**Work task**
In the entries below, how many lines include "Union"? Reply with the number and nothing more.

[Dataset records]
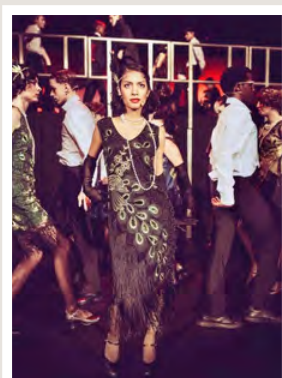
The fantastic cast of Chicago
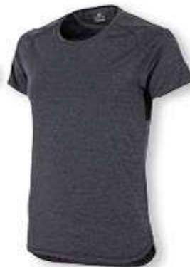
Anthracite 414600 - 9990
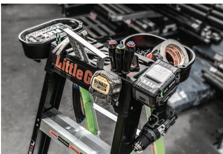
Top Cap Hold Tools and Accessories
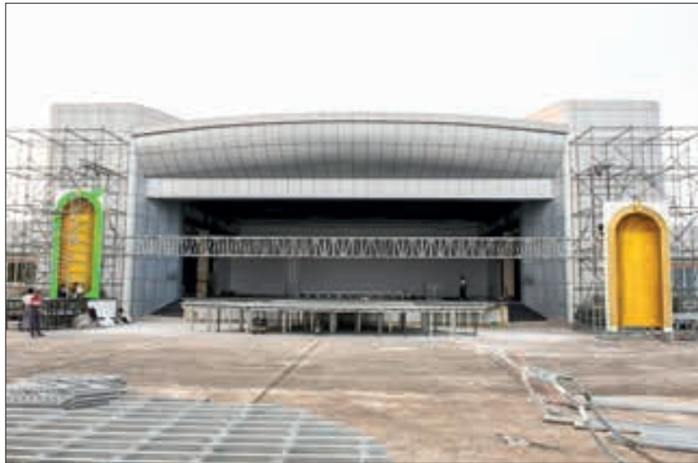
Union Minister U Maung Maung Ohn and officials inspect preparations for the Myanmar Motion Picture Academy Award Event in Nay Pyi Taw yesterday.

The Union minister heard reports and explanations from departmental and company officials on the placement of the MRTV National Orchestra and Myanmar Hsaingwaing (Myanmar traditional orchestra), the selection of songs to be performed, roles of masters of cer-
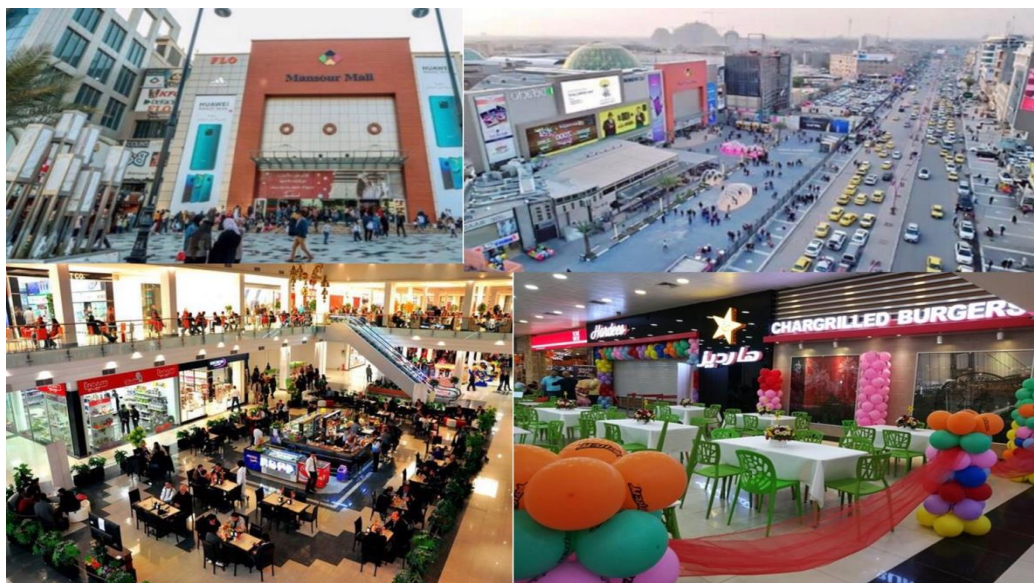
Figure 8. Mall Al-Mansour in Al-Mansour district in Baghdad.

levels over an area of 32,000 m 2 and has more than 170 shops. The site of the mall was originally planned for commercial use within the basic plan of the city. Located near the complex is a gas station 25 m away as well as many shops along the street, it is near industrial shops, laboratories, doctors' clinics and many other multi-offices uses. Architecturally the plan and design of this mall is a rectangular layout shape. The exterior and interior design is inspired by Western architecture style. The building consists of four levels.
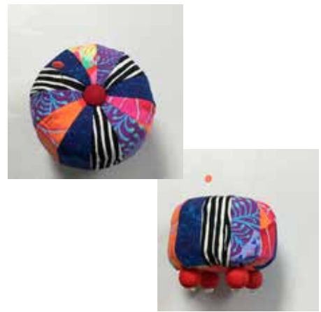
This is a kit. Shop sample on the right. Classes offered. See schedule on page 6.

**Answer area**
2